The main thing the validator currently doesn't support is proper management of complex sets of schemas and subSchemas. There are some preparations made for supporting "$id" and uris, but this is still incomplete. "definitions" and "$ref" properties are recognized.

As almost anything is theoretically possible with JSON-Schema, there are surely other things that are unsupported.

All standard data types

  • "null"
  • "boolean"
  • "integer"
  • "number"
  • "boolean"
  • "string"
  • "array"
  • "object"

Dynamic properties

  • "if"
  • "not"
  • "oneOf"
  • "anyOf"
  • "allOf"

Static Properties

Array

  • "maxItems"
  • "minItems"
  • "uniqueItems"
  • "prefixItems"
  • "contains" ("minContains", "maxContains")

Object

  • "properties" ("minProperties", "maxProperties")
  • "patternProperties"
  • "additionalProperties"
  • "required"

String

  • "pattern"
  • "minLength"
  • "maxLength"

Number, Integer

  • "minimum"
  • "maximum"
  • "exclusiveMinimum"
  • "exclusiveMinimum"
  • "multipleOf" (only if object is an integer)

"$updateSemantics"

  • "replace" (fully replaces any old data)
  • "merge" (for objects, keeps and/or updates existing values)
  • "suggest" (adds value if not already present)

Custom validation options

Using gmconfig_schema_utils:validate(Json, Schema, Opts), a few options are supported to further enhance the validation (Opts is of type map()):

coerce => boolean() converts strings to integers, null and booleans when needed. enums_to_atoms => boolean() converts enum strings to atoms extensions => map() supports mapping x-... properties to custom validators.

Validator extensions

See the following test case:

t_nested_refs() ->
    S = read("data/nested_refs_schema.json"),
    F = fun(Str, #{<<"tags">> := Tags}) ->
                true = lists:any(
                         fun(T) ->
                                 nomatch =/= string:prefix(Str, T)
                         end, Tags)
        end,
    Opts = #{extensions => #{<<"x-serialization">> => F}},
    Vs = #{<<"tx">> => #{<<"from">> => <<"ak_good">>}},
    Vf = #{<<"tx">> => #{<<"from">> => <<"ac_bad">>}},
    validate(Vs, S, Opts),
    fails(Vf, S, Opts, #{e => failing_schemas}),
    ok.

This simulates an encoding extension, where the example fun here simply checks if tags specified under the x-serialization property are prefixes of the given string value.
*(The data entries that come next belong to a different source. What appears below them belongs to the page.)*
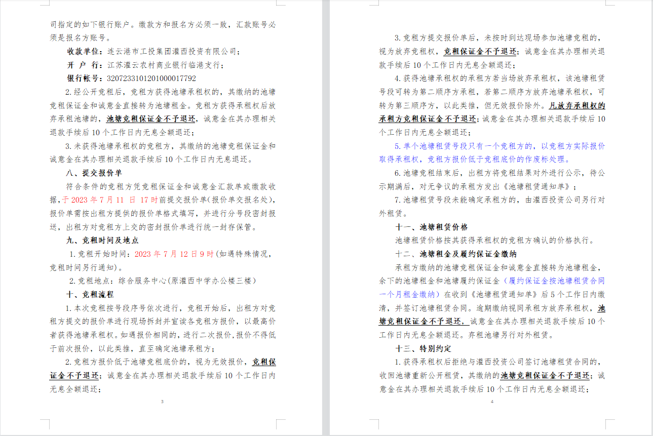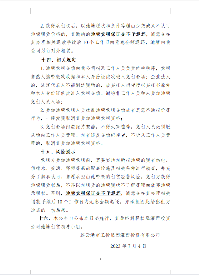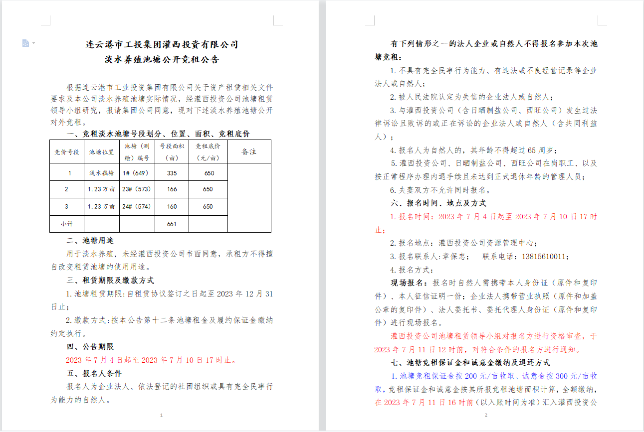 连云港市工投云开平台灌西投资有限公司淡水养殖池塘公开竞租公告
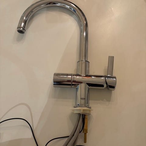 Grohe kjøkkenbatteri i krom med ettgreps hendel. Blandebatteriet har høy, buet tut som gir god plass i vasken. Det er beregnet for veggmontering med to tilkoblingspunkter for varmt og kaldt vann. Overflaten er i blank krom, og armaturet passer til bruk på kjøkken eller vaskerom der det er behov for et veggmontert blandebatteri med høy tut.
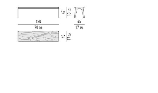 流线型金属支腿采用青铜漆面,可搭配亮漆砂或泥面、高光黑色透视玻璃或棕色大马士革大理石。
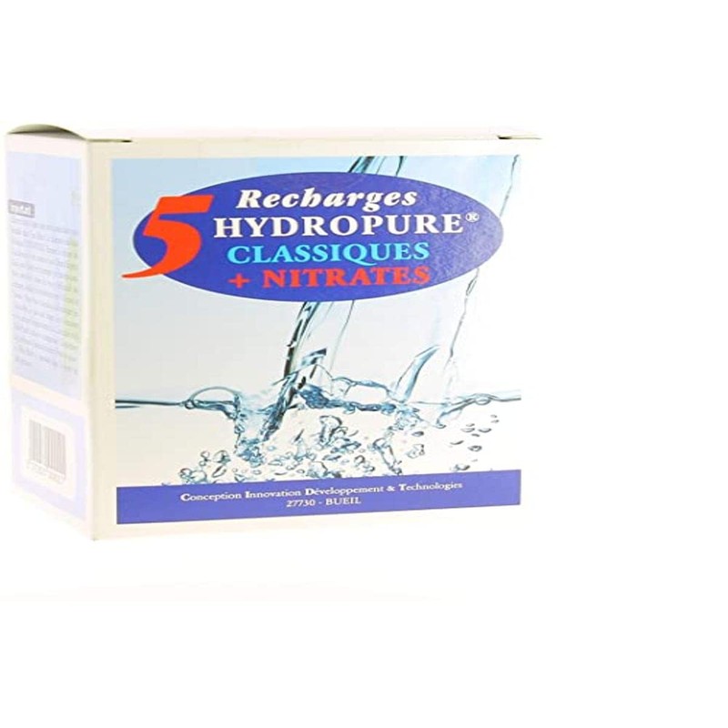 - The classic refill bags + nitrate charge Hydropure the cartridges round or oval hydropure. Box of 5 tied, they reduce the content of limescale, nitrate, chlorine, lead and some pesticides from the water.
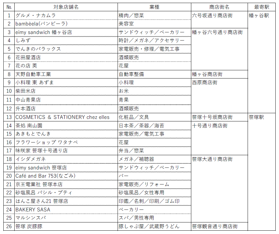・対象店舗一覧(26店舗)
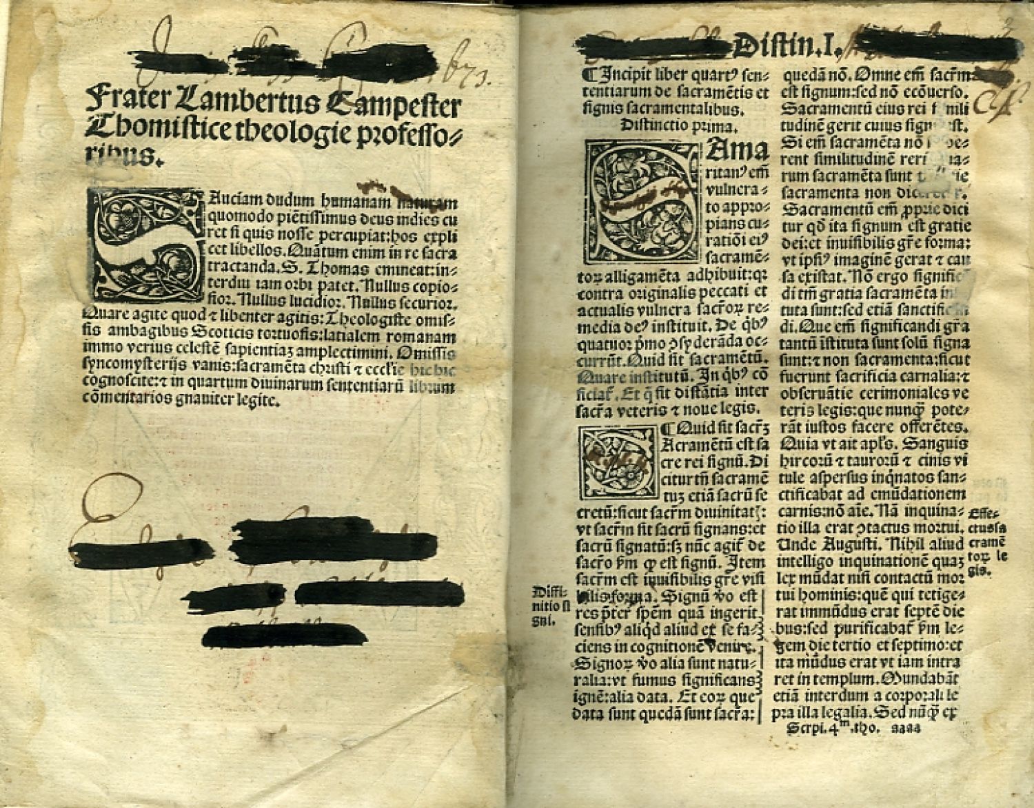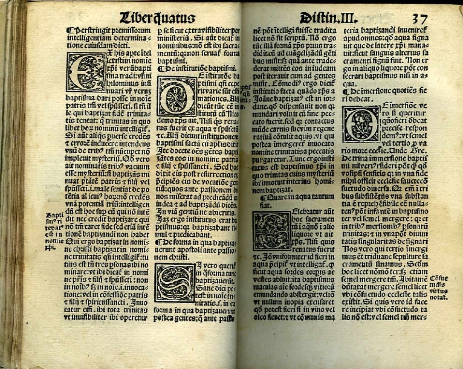 Poslední ze čtyř "scriptum sententiarum" Tomáše Akvinského (1225-1274), jež vyšly u Giunty týž rok ve stejné úpravě. - Latinský text tištěný antikvou ve dvou sloupcích. - Nová světlá kožená vazba, na hřbetě starý kožený štítek s nečitelným rkp. věcným názvem, dva páry nových zelených vázacích tkanic, nové předsádkové papíry. Na spodním, mírně pomačkaném okraji tit. listu starý provenienční přípis, na jeho rubu a násl. fol. 2a staré poznámky začerněné inkoustem. Dva listy vpředu a fol. 104 odborně podlepené, místy hnědé mapy od vlhkosti.
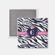 Um ímã quadrado de duas polegadas que tem um padrão zebra preto/branco com um design de monograma floral. Você pode adicionar seu nome e inicial a este produto usando o modelo personalizado.
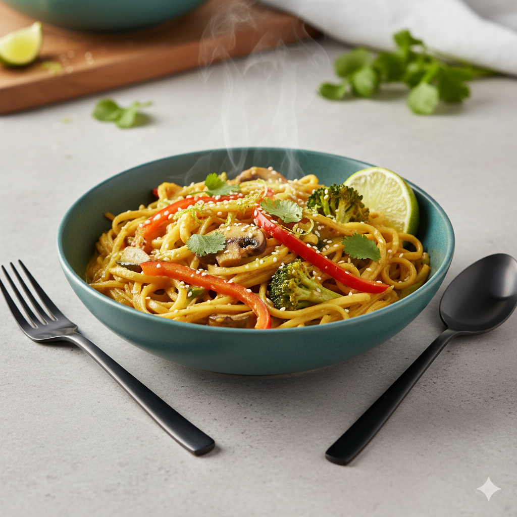Nouilles de riz au curry de légumes facile
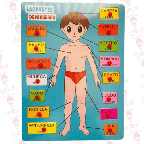 Bilingüe (Español e Inglés): Cada pieza nombra la parte del cuerpo en español y su traducción al inglés (ej: Cabeza/Head, Brazo/Arm). ¡Perfecto para ampliar vocabulario!
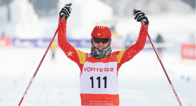 2011年1月2日,中國選手李宏雪慶祝勝利。當日,2011年中國長春凈月潭瓦薩國際越野滑雪節暨國際雪聯長距離積分賽在長春市凈月潭國家森林公園開幕,這也是第四屆國際雪聯越野滑雪中國巡回賽最后一站比賽,李宏雪以320分奪得此次巡回賽總成績第一名。新華社記者 徐家軍 攝
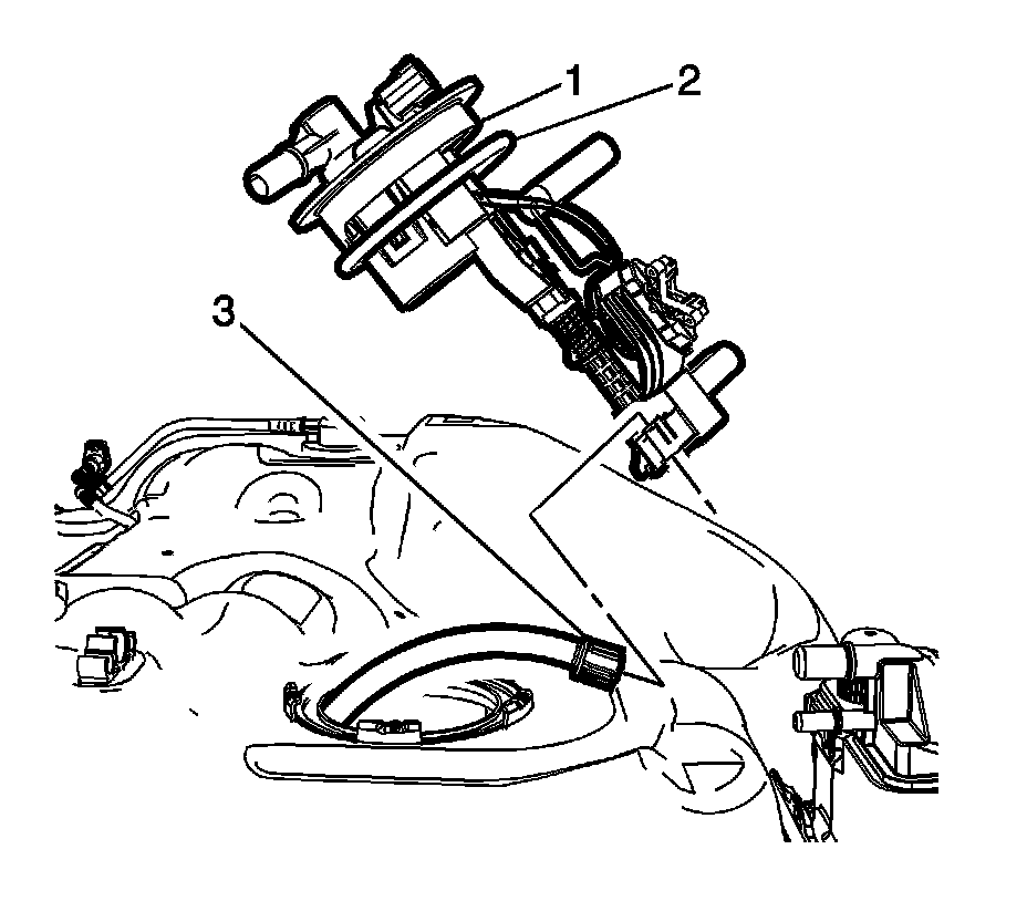 2. Connect the fuel sender to the fuel tank crossover fuel line (3).
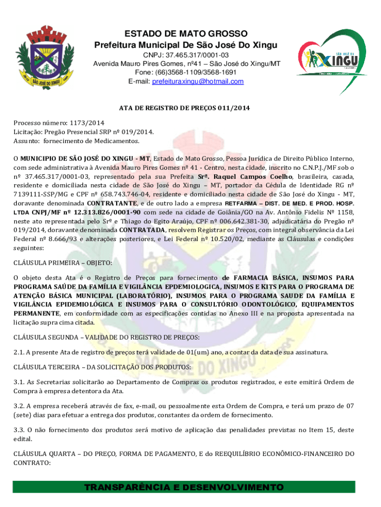 Agenda Mauro Fires Gomes, n41 So Jo's do Xingu/MTF one: (66)35681109/35681691

In the test schema, we can see the following definition:

        "properties": {
            "from": {
                "allOf": [
                    { "$ref": "#/components/schemas/Pubkey" },
                    { "x-serialization": {
                        "tags": ["ak"]
                    }}
                ]
            }
        }
...
    "Pubkey": {
        "type": "string",
        "x-serialization": {
            "tags": ["ak", "ct"]
        }

Whenever the validator encounters an x-... property mapped to a validator fun, this fun is called with the value and the schema part of the property. The return value of the fun is ignored, and any normal return is treated as a validation success.

The example illustrates a common pattern in OpenAPI specs, where entity references are used extensively. The Pubkey data type can have a more general x-serialization definition, where multiple key types are accepted, whereas a specialized use of the type can narrow the scope by accepting only a subset of the possible types.